President Trump will outline a new Afghanistan strategy Monday that will clear the path to deploy several thousand more U.S. troops to help local forces in the conflict that has stretched on for nearly 16 years.

In a prime-time speech, Trump is also expected demand more assistance from NATO allies and the Afghanistan government itself.

Trump will address the nation at 9 p.m. ET from Fort Myer, Va., a military base just a few miles from the White House. In front of a group of soldiers, Trump will “provide an update on the path forward for America’s engagement in Afghanistan and South Asia,” the White House said in a statement.

The prime time address comes three days after Trump convened a high-level national security meeting at Camp David, capping a drawn-out review about how to address an issue that has frustrated Trump, just as it predecessor George W. Bush and Barack Obama.

“The president has made a decision,” Defense Secretary Jim Mattis told reporters during a Sunday flight en route to Jordan. “I am very comfortable that the strategic process was sufficiently rigorous.”

The new strategy is the result of months of debate in the White House over how to proceed in a war that the Pentagon has described as a stalemate.

The top commander in Afghanistan, Gen.
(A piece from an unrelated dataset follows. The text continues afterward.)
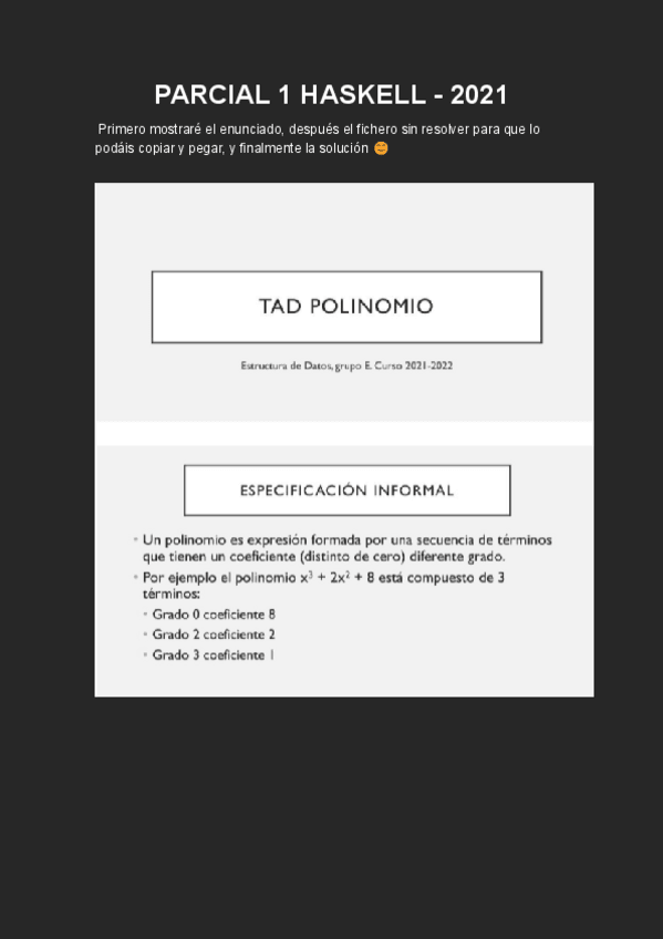 He publicado nuevos examenes de 2º Estructuras de Datos: Parcial Haskell 2023 RESUELTO
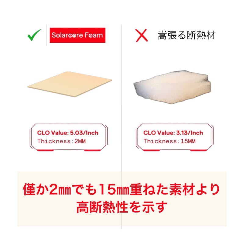 たった2mmのSOLARCORE Form(Sc_Foam)は際立った性能を示します。

John Nicholson, has said a few thousand additional troops are needed to turn the tide in the war that began shortly after the 9/11 attacks in 2001.

The Pentagon received authority in June to send as many as 3,900 troops to Afghanistan, but Mattis has held off deploying them until the president authorized a broader strategy to cover the entire region.

There are currently 8,400 U.S. troops in Afghanistan, down from a peak of about 100,000 troops in 2010 and 2011, and several thousand additional forces from allied nations.

The additional forces could be used to return advisers to combat units during critical offensive operations against the Taliban.

In 2013 the Afghan government assumed the primary responsibility for the war against the Taliban and other insurgent groups.

The continued cuts in U.S. forces under President Obama left enough troops in place to provide support at the top headquarters level, where administrative and logistical decisions are made, but U.S. advisers were removed from conventional combat forces.

The U.S. military also curtailed air support for Afghan forces since turning over major combat operations to government forces. Afghan government forces have taken heavy casualties as the Taliban has gained strength in remote parts of the country. And the Islamic State has also emerged as a growing threat.

That strategy will include diplomatic and economic efforts in the region in addition to military plans. The Trump administration has tried to get neighboring Pakistan to stop providing sanctuary to extremist groups operating in Afghanistan.

More: President Trump ‘considering his options’ on Afghanistan after Camp David meeting

More: President Trump to address troops Monday night on path forward in Afghanistan

Trump has also criticized what he has called the inability to win the war, both before and during his presidency.

As far back as 2012, the then-New York businessman tweeted, “why are we continuing to train these Afghanis who then shoot our soldiers in the back? Afghanistan is a complete waste. Time to come home!” The next year, Trump tweeted that “we should leave Afghanistan immediately. No more wasted lives. If we have to go back in, we go in hard & quick. Rebuild the US first.”

In 2015, in the early months of his presidential campaign, Trump said grudgingly that he would be willing to send in more troops out of concern that the Taliban would re-take the country.

“We made a terrible mistake getting involved there in the first place,” Trump told CNN in October of 2015. “It’s a mess, it’s a mess and at this point we probably have to [leave U.S. troops in Afghanistan] because that thing will collapse in about two seconds after they leave.”

President George W. Bush authorized the initial invasion of Afghanistan in October of 2001, a month after the 9/11 terrorist attacks. The ruling Taliban had provided safe harbor for the al Qaeda organization that carried out the attacks in the World Trade Center in New York City and the Pentagon near Washington, D.C.

Obama, saying that Iraq distracted the Bush administration from Afghanistan, authorized the infusion of 30,000 more troops, bring the total to more than 100,000. At one point, he announced a plan to bring all the troops back home by the end of 2014, but later opted to keep a residual force there to assist with training and counter-terrorism operations.

Trump will outline his Afghanistan strategy on his first full day back at the White House after a 17-day “working vacation” based out of his golf club in Bedminister, N.J.

That vacation included intense criticism of Trump over his assertion that “both sides” were equally to blame for racial violence in Charlottesville, Va. Critics said Trump gave cover to white supremacists and neo-Nazis who organized a demonstration to protest the removal of a Robert E. Lee statue.

Trump’s speech on Afghanistan also comes just three days after the departure of senior adviser Steve Bannon, who had advocated a drawdown in Afghanistan and the use of private security services – neither of which appears to be an option at this point.